What can I conclude from this? A theory of mine is developing for the NBA regular season. Take a look at the 1) expectations for a team for the season and 2) their effort level.
That seems to account for most of the variability in spread-covering percentages for each team.
Essentially, if a team is expected to be very good and they are very good, and they try at the same level of effort as before, they will go roughly fifty percent.
But if a team exceeds expectations, then when? Well they are likely to cover more than their share of spreads. If a team drops below expectations, they will do less.
The Cavs tried really hard and got a high level of effort from each player. Thus they covered more spreads. Orlando also (seemingly) tried hard this season. The Pistons? They didn't try hard at all. And they failed to cover the spreads because they had an established identity as a hard-working team.

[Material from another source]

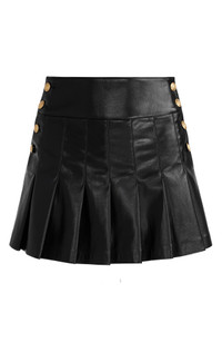 Catch compliments on your next night out in this pleated miniskirt fashioned from sleek faux leather and glossy goldtone buttons. 100% polyurethane Dry clean Imported
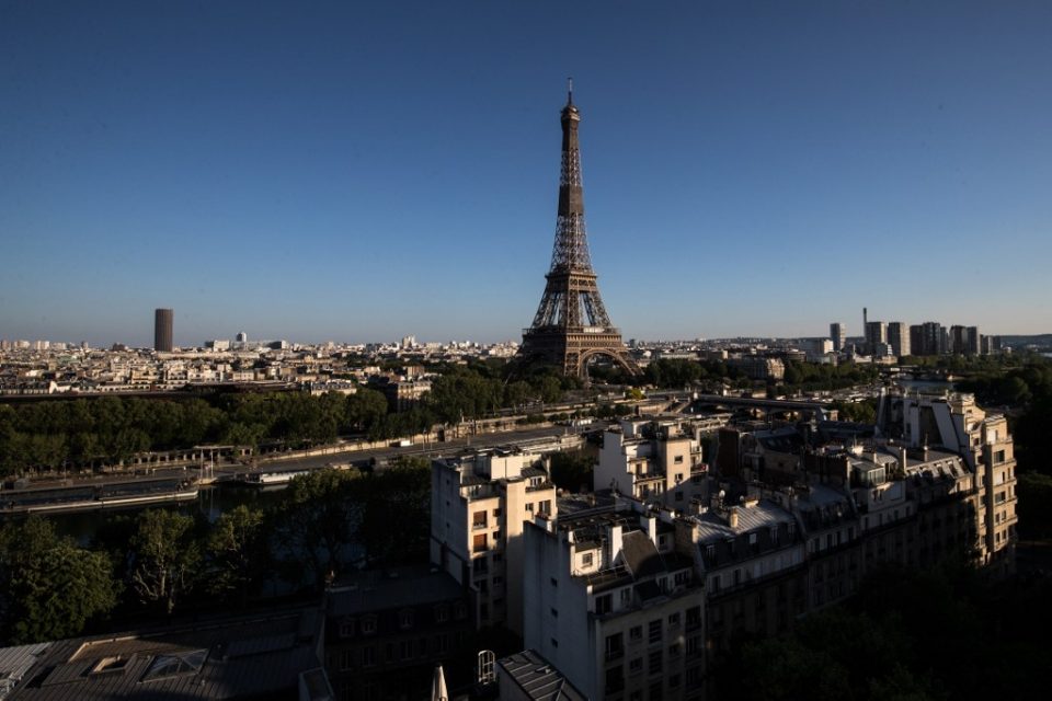 This picture taken on April 26, 2020, shows the Montparnasse tower (L) and the Eiffel Tower in Paris, on the forty-first day of a lockdown in France aimed at curbing the spread of the COVID-19 disease, caused by the novel coronavirus. (Photo by JOEL SAGET / AFP)

Interesting that these patterns for season-long betting emerge. Other research points would include how long into the season do winning percentages and records solidify? I mean how long into the season, if a team has a record of say, .400, will they finish the season with roughly that record? Ten games? Twenty? Or forty?
And once that record is roughly locked in, do the betting lines reflect the point spread from the start of the seasons's expectations? Because what matters is how quickly and accurately the lines can reflect changes.
What I've read about NFL or NCAA football, and NBA basketball, indicates that once people know how good a team is they are very good at predicting point spreads and who will win. So what matters is when their is a change in a teams skill level whoever can identify it fast enough, and accurately, stands to make the most money. It doesn't matter if they get better or worse, what matters is accurately detecting change. And being able to disregard statistical noise.